Светлый фон

До начала апреля Вагнер оставался в Палермо, где был закончен «Парсифаль». Обратный путь через Неаполь и Венецию занял почти весь апрель. Лишь 1 мая Вагнер вновь переступил порог виллы «Ванфрид». Там 22 мая в тихой домашней обстановке было отмечено 69-летие композитора, его последний день рождения.
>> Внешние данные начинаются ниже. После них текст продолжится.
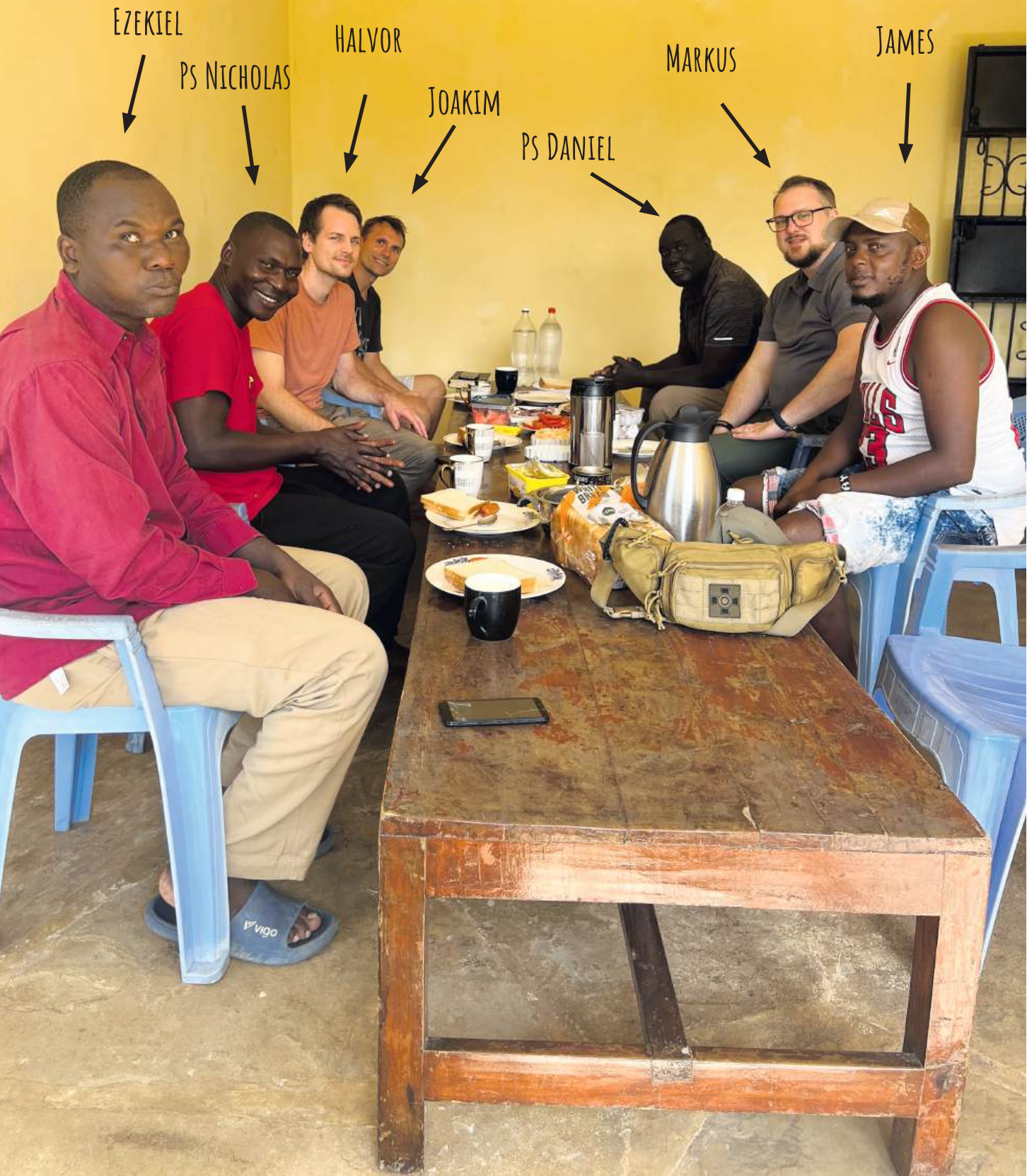
Frukostbordet ved Liberty center i Ukunda.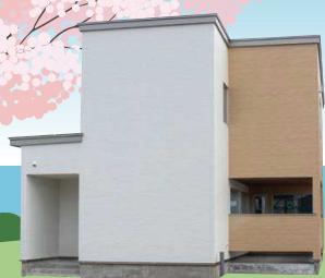
HHI 建成ホーム (株) 苦小牧支店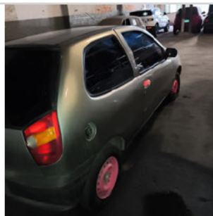
COLUNA TRASEIRA DIR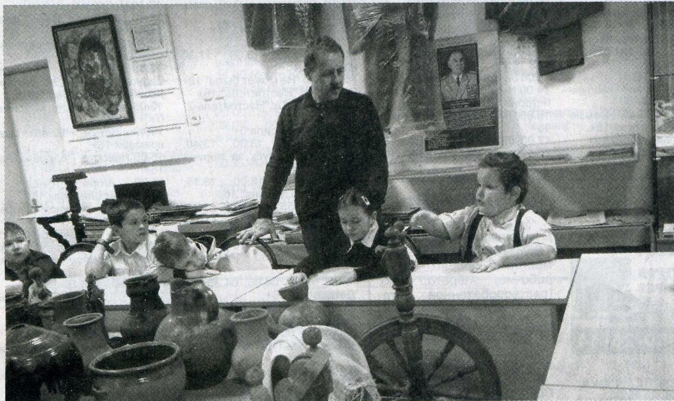
В музее педагогического колледжа.

Константиновские школьники посетили музей педагогического колледжа.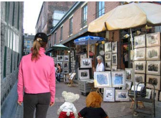
Mademoiselle X et les deux mascottes,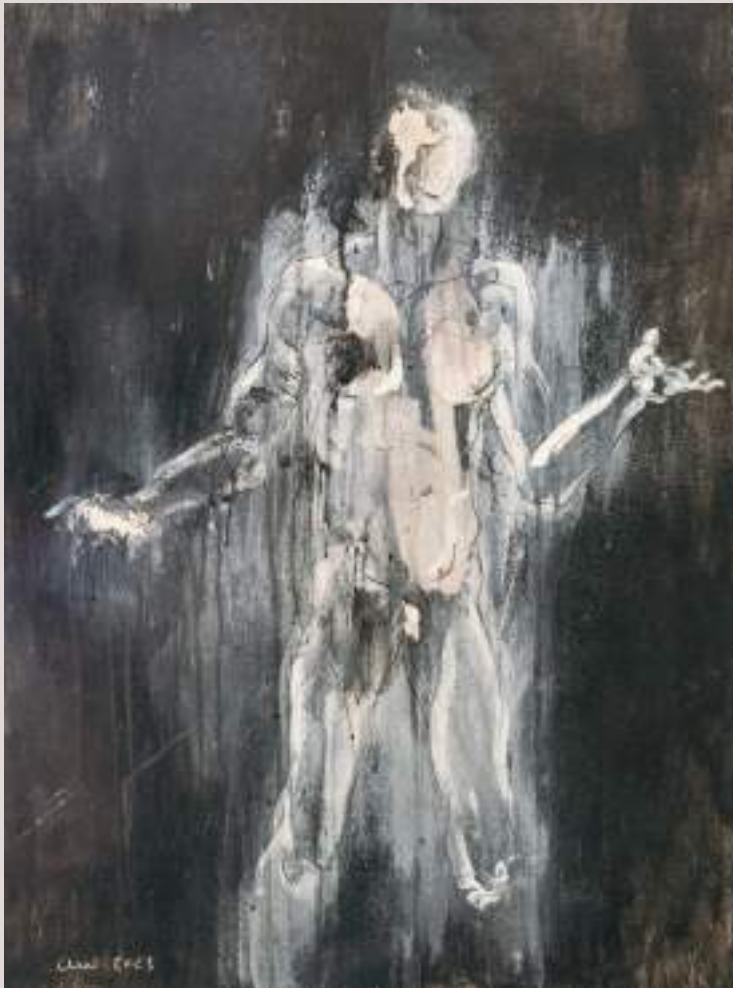
Vi (Carbonet i vi sobre llenç, 80x80cm)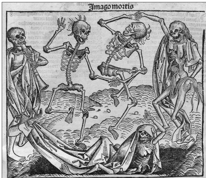
Schedel - Chronica librorum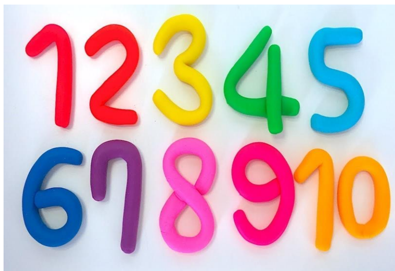
números com massinha de modelar imagens

DESENVOLVIMENTO: clicar no link abaixo da figura para assistir o vídeo.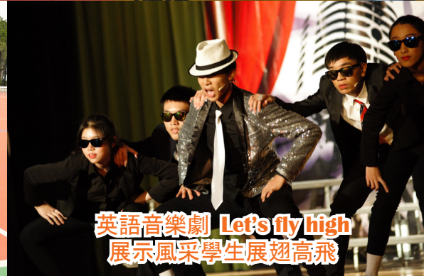
英語音樂劇 Let's fly high 展示風采學生展翅高飛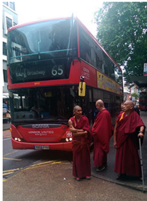
Lama Zopa Rinpoche en Londres, Reino Unido, Julio 2014.

Noviembre/Diciembre – enseñanzas durante el curso de un mes de Lamrim, Kopan Monastery , Nepal.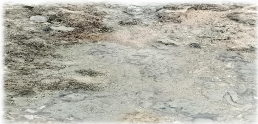
Sumber foto: Mata Air Opualia (Air Di Khususkan Untuk Orang-Orang Raja)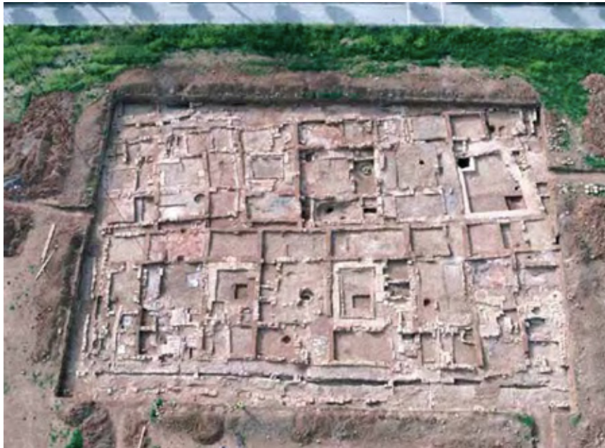
FIG. 5.7. EXCAVACIONES EN LOS ARRABALES DE CÓRDOBA

Las ciudades, en todo caso, no permanecieron inmutables a lo largo de todo el período andalusí. Varios autores han tratado el proceso evolutivo del contexto urbano en los últimos tiempos, presentando un esquema descriptivo y explicativo de sus formas de crecimiento topográfico (NAVARRO, JIMÉNEZ, 2007).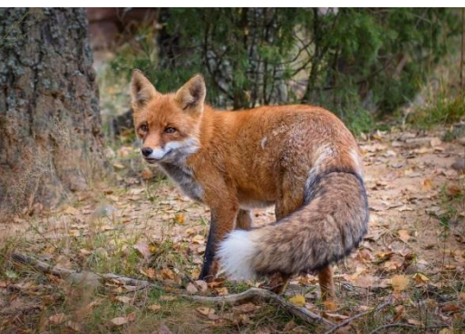
Увидеть вживую обитателей заповедника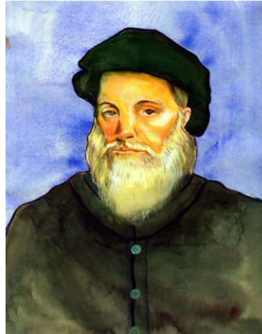
चित्र 3.3 : वास्को दा गामा

तुम्हें क्यों लगता है कि महान रोमांची यात्रा राजा और अमीर लोगों द्वारा प्रायोजित की गई थी? व्यापार और औपनिवेशीकरण में जबरदस्त वृद्धि से यूरोपीय धन वृद्धि पर एक महान प्रभाव पड़ा। एक सबसे प्रसिद्ध राजा जो यात्रा को प्रायोजित करता था पुर्तगाली था। वह था राजा हेनरी जो हेनरी नेविगटर के रूप में भी जाना जाता है। इन खोजों के लिए तकनीकी आधार कम्पास, वेधयंत्रकी, खगोलीय सारणी और नक्शे बनाने के कला के आविष्कार से हुआ। इन यात्राओं से विश्व के विभिन्न भागों में जैसे- अफ्रीका, अमेरिका और एशिया में व्यापारिक चौकी बनाने और औपनिवेशिक साम्राज्य की स्थापना के लिए मार्ग प्रशस्त हुआ। अब वाणिज्यिक रुचि अटलांटिक महासागर से भूमध्य सागर से स्थानांतरित हो गई। कई नई वस्तुएं जैसे तम्बाकू, गुड़, शतुरमुर्ग पंख, आलू, आदि व्यापार में शामिल की गई। इसने अमानवीय दास व्यापार की शुरुआत की। गुलाम अफ्रीका से पकड़ कर अटलांटिक महासागर के पार और उत्तरी अमेरिका में वृक्षारोपण में काम करने के लिए बेचे जाते थे। इन व्यापार पद्धतियों और नई समुद्री मार्गों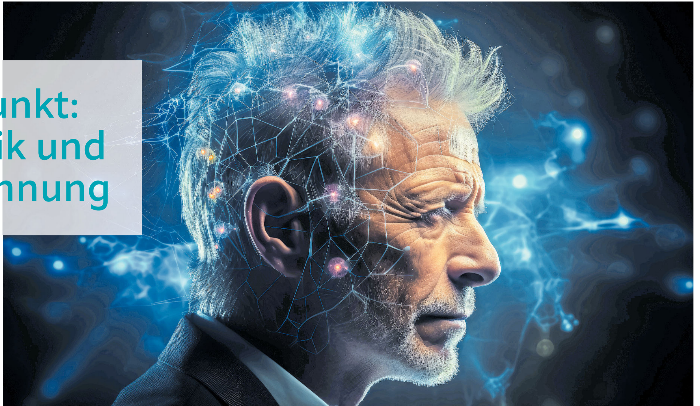
Parkinson ist eine tückische Krankheit, ihre Auslöser sind vielfältig, ihr Verlauf ist kaum vorhersehbar. Die neuen Leitlinien empfehlen eine umfangreiche Differenzialdiagnostik, um die Erkrankung frühestmöglich zu erkennen sowie eine frühzeitige, altersgerechte und individuelle Therapie.

Die neue Leitlinie zur Parkinson-Krankheit setzt gezielt jüngste Forschungsergebnisse um, so etwa zu den Ursachen von Parkinson oder zu nicht-motorischen Frühsymptomen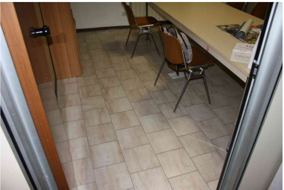
FOTOGRAFIA 02: UFFICIO 02 - PAVIMENTAZIONE IN GRES 30X30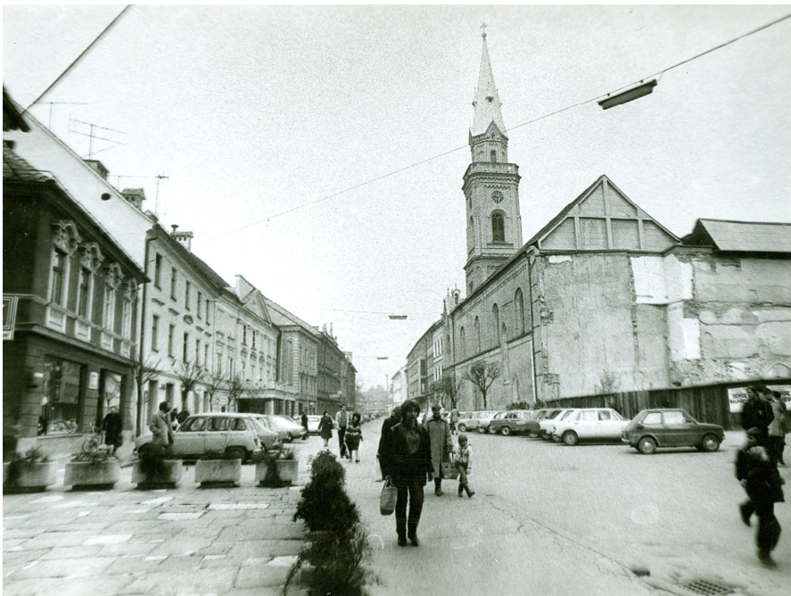
Slika 32. Marijina cerkev po eksploziji plina 1979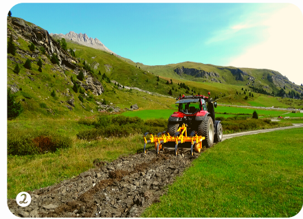
Auf Schlaglochtiefe auflockern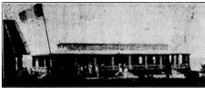
L'Hôtel de la Plage de Cua-Tung (Nord-Annam)

А с 2 июня начались практически ежедневные репетиции второго Байройтского фестиваля. Вагнер практически сутки напролет проводил в театре. Герман Леви неустанно репетировал с оркестром и певцами; Фридрих Георг Генрих Брандт, сын умершего к тому времени Карла Брандта, руководил технической стороной постановки; Павел Жуковский заканчивал оформление. Внося по требованию Вагнера бесконечные исправления в уже готовые декорации и костюмы и одновременно заведуя всем реквизитом, Жуковский тоже чуть ли не ночевал за кулисами. Находясь в крайней степени усталости, он решил, что постоянные придирки композитора вызваны желанием от него избавиться, что его талант не соответствует гениальности творца «Парсифаля». Кроме того, долги Жуковского, не получавшего за свои титанические труды ничего, росли день ото дня. Молодой человек принял горькое решение, что по окончании фестиваля распродаст свое имущество и покинет Байройт, тем более что его уже приглашал приехать в Веймар великий герцог Карл Александр Саксен-Веймар-Эйзенахский. В конце августа Жуковский уехал от Вагнера…

Наконец 24 июня с блеском прошла генеральная репетиция «Бюненвайфестшпиля», на которой присутствовали такие будущие столпы немецкой музыки, как Антон Брукнер и Рихард Штраус.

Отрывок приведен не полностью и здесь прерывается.